18257284. SPLIT NEURAL NETWORK ACCELERATION ARCHITECTURE SCHEDULING AND DYNAMIC INFERENCE ROUTING simplified abstract (QUALCOMM Incorporated)

From WikiPatents
Jump to navigation Jump to search

SPLIT NEURAL NETWORK ACCELERATION ARCHITECTURE SCHEDULING AND DYNAMIC INFERENCE ROUTING

Organization Name

QUALCOMM Incorporated

Inventor(s)

Vijaya Kumar Kilari of Bangalore (IN)

Fan Wu of Broomfield CO (US)

Geoffrey Carlton Berry of Durham NC (US)

Hemanth Puranik of Bangalore (IN)

SPLIT NEURAL NETWORK ACCELERATION ARCHITECTURE SCHEDULING AND DYNAMIC INFERENCE ROUTING - A simplified explanation of the abstract

This abstract first appeared for US patent application 18257284 titled 'SPLIT NEURAL NETWORK ACCELERATION ARCHITECTURE SCHEDULING AND DYNAMIC INFERENCE ROUTING

Simplified Explanation

The abstract describes a method for accelerating machine learning on a computing device by splitting a neural network into sub-neural networks and hosting them in inference accelerators.

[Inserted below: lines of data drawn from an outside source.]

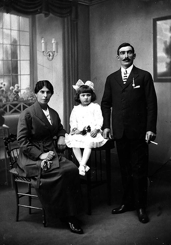 Azalpena: Erretratua. Martina Gandiaga jesarrita, Andonegi Torreko Angel Iruretaguena, eta erdian hauen alaba Ageda, neska txiki.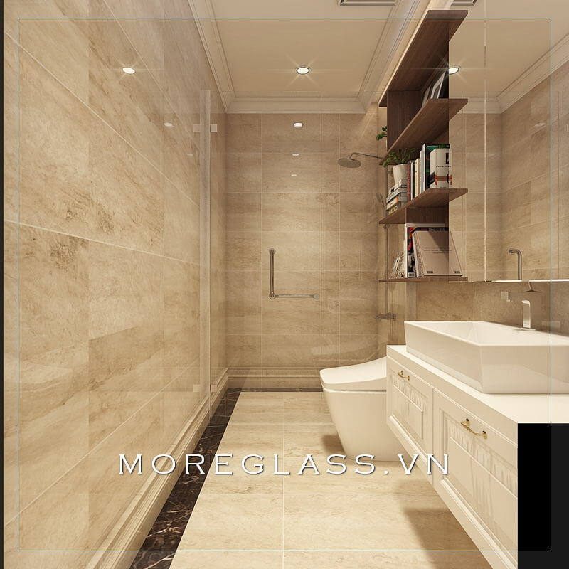 Nhà vệ sinh biệt thự, nhà tắm sử dụng kính kính tắm ngăn chia buồng tiện lợi tạo cảm giác tăng diện tích và rộng rãi hơn.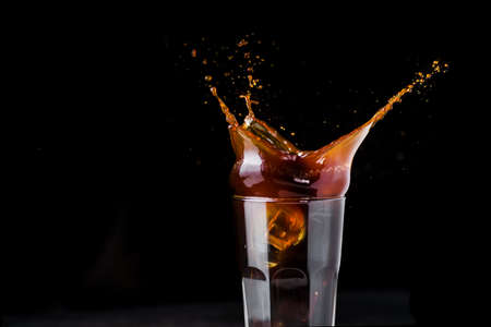 Cold glass with whiskey splash on a black background. Dark alcohol beverage.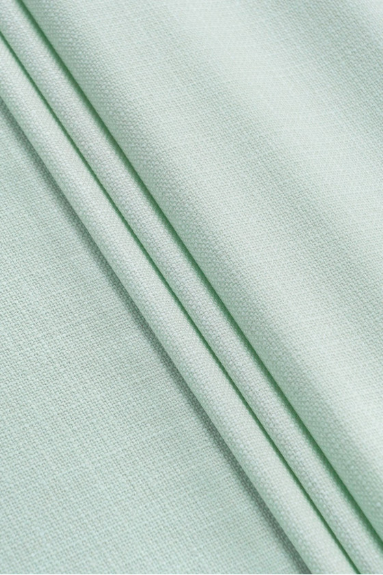 Włoska wełna o luźniejszym, lnianym splocie w kolorze pastelowej pistacji. W skład tkaniny wchodzi: wełna 90%, kaszmir 6%, jedwab 2%, elastan2%.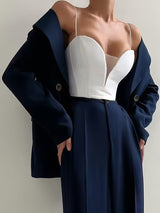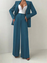 The lapel collar looks clean and classic, and the long sleeves work from spring through winter. Two front pockets hold your phone and keys while you're out. The slim fit blazer and wide leg pants create a balanced silhouette that feels modern and easy.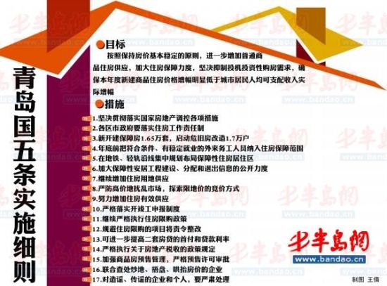 本报3月31日讯(记者 王爱科) 岛城“国五条”实施细则正式出台。31日下午,青岛市人民政府办公厅发布“关于继续做好房地产市场调控工作持续推进房地产市场平稳健康发展的意见”。从制定新建商品住房价格控制目标,加快保障性安居工程规划、建设和供应,增加普通商品住房用地和有效供应,坚决抑制投机投资性购房以及加强房地产市场监管规范市场秩序等五方面,保证房地产市场平稳发展。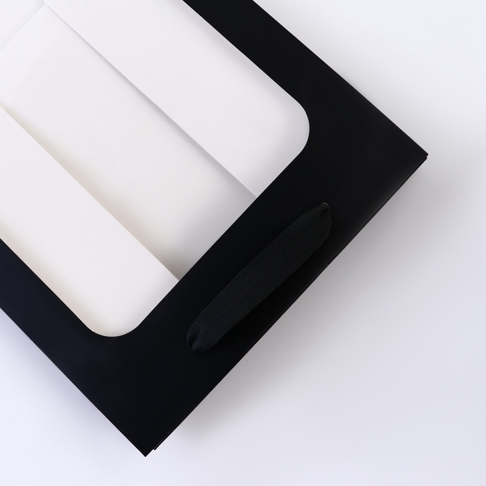 Пакет подарочный, с окном, 30 х 20 х 16 см, черный, 1шт.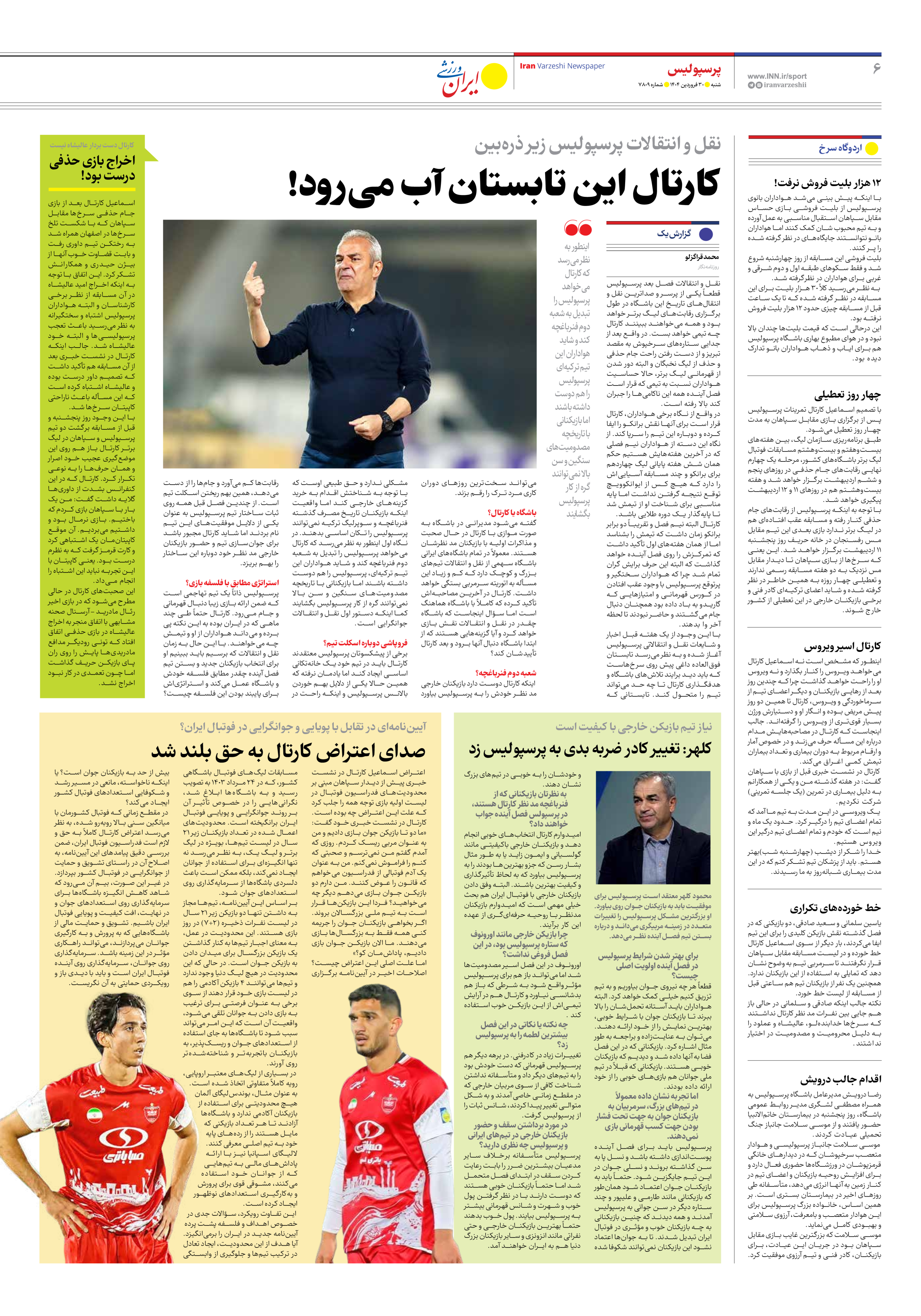 روزنامه ایران ورزشی - شماره هفت هزار و هشتصد و نه - ۳۰ فروردین ۱۴۰۴ - صفحه ۶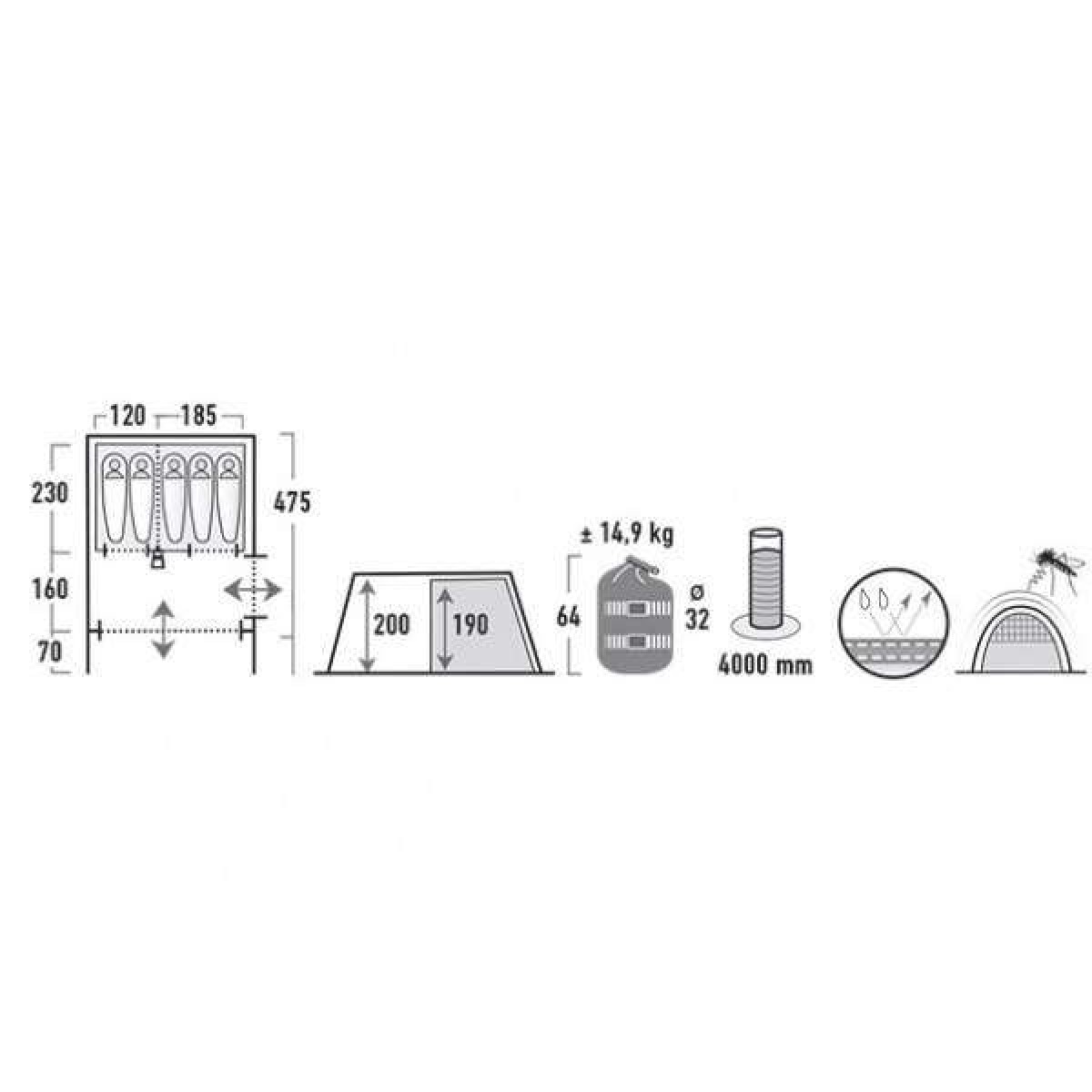 - Вага намету: 14.9 кг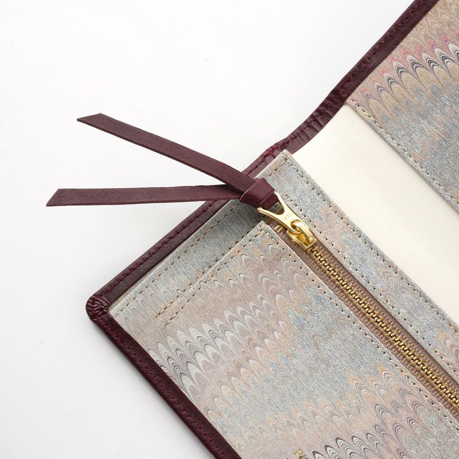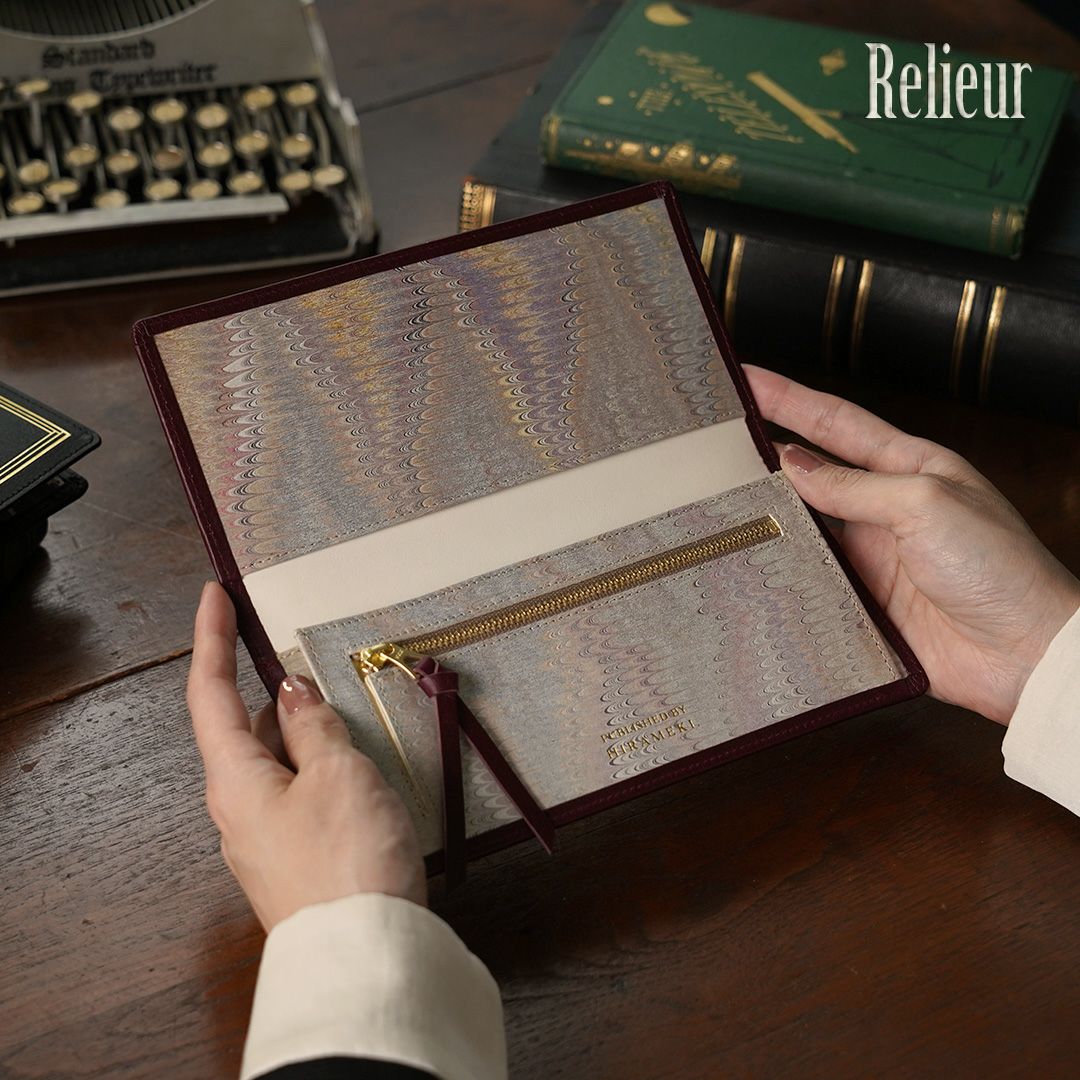 装丁された本の表紙を開くと見返しには、職人が作る芸術性の高いマーブル紙が物語の世界へ誘います。

  • Accessing a neural network
  • Splitting the neural network into N sub-neural networks
  • Hosting the N sub-neural networks in M inference accelerators
  • Scheduling the N sub-neural networks in the M inference accelerators
  • Executing the N sub-neural networks in the M inference accelerators

Potential Applications

This technology could be applied in various fields such as image recognition, natural language processing, and autonomous driving systems.

Problems Solved

This technology addresses the issue of slow processing speeds in machine learning tasks, allowing for faster and more efficient execution of neural networks.

Benefits

The method described in the patent application can significantly improve the performance of machine learning algorithms, leading to quicker results and enhanced accuracy.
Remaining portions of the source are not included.